Records excerpted from a collection
□ □ □
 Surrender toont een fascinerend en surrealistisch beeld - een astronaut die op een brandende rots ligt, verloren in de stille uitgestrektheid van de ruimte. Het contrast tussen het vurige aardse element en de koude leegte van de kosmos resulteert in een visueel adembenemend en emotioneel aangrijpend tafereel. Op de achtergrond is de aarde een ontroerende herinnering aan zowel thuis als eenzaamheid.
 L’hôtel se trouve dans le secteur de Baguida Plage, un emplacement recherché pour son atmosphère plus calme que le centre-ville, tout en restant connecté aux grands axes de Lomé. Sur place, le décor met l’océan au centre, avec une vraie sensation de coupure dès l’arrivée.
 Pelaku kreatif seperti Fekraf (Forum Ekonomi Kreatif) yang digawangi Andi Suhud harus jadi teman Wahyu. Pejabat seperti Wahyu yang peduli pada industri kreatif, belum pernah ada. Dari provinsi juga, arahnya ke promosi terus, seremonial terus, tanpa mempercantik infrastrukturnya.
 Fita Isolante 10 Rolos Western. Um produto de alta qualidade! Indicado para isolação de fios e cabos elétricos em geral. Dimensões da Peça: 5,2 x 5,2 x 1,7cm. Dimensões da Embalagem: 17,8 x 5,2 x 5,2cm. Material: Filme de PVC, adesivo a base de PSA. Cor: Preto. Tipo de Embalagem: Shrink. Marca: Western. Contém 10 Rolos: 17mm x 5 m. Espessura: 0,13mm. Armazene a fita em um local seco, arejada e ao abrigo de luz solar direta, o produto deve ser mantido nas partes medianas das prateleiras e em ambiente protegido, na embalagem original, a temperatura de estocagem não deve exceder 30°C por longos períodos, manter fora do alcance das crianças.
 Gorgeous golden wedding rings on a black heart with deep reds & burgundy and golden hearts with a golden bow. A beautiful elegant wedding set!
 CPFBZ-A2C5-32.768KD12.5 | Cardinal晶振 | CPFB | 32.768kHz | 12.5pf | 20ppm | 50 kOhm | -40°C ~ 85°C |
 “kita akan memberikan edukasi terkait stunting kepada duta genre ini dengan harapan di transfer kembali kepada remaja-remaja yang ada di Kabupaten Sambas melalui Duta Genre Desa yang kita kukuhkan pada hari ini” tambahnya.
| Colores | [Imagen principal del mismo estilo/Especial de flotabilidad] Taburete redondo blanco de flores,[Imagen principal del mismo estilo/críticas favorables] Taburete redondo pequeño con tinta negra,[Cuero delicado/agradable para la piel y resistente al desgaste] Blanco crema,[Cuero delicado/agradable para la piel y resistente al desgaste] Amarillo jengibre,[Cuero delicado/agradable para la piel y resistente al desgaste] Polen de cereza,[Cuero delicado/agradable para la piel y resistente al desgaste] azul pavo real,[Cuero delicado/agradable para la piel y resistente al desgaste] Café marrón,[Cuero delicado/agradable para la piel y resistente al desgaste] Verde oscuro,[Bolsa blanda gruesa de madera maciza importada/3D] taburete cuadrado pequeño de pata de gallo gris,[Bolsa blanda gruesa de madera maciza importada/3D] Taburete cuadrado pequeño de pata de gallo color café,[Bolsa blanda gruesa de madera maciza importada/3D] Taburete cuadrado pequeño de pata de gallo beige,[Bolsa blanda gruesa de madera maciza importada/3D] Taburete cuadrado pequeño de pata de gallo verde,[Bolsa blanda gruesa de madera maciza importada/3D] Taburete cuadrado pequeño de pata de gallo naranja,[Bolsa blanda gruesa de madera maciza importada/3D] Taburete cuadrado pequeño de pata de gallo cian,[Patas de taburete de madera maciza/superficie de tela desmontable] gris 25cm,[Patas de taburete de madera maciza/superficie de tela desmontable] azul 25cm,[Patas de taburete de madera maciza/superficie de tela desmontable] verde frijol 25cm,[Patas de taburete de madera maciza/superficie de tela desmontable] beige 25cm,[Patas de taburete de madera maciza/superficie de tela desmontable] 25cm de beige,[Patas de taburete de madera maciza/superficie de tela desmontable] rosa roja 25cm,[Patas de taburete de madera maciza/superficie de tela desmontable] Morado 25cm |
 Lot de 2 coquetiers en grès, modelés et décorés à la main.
□ □ □
■ **ACTIVITY**:
The line containing "Pelaku kreatif seperti" marks the end. Please print exactly every line from the top of the data to it, both included, and nothing more.

■ **ANSWER SECTION**:
 Surrender toont een fascinerend en surrealistisch beeld - een astronaut die op een brandende rots ligt, verloren in de stille uitgestrektheid van de ruimte. Het contrast tussen het vurige aardse element en de koude leegte van de kosmos resulteert in een visueel adembenemend en emotioneel aangrijpend tafereel. Op de achtergrond is de aarde een ontroerende herinnering aan zowel thuis als eenzaamheid.
 L’hôtel se trouve dans le secteur de Baguida Plage, un emplacement recherché pour son atmosphère plus calme que le centre-ville, tout en restant connecté aux grands axes de Lomé. Sur place, le décor met l’océan au centre, avec une vraie sensation de coupure dès l’arrivée.
 Pelaku kreatif seperti Fekraf (Forum Ekonomi Kreatif) yang digawangi Andi Suhud harus jadi teman Wahyu. Pejabat seperti Wahyu yang peduli pada industri kreatif, belum pernah ada. Dari provinsi juga, arahnya ke promosi terus, seremonial terus, tanpa mempercantik infrastrukturnya.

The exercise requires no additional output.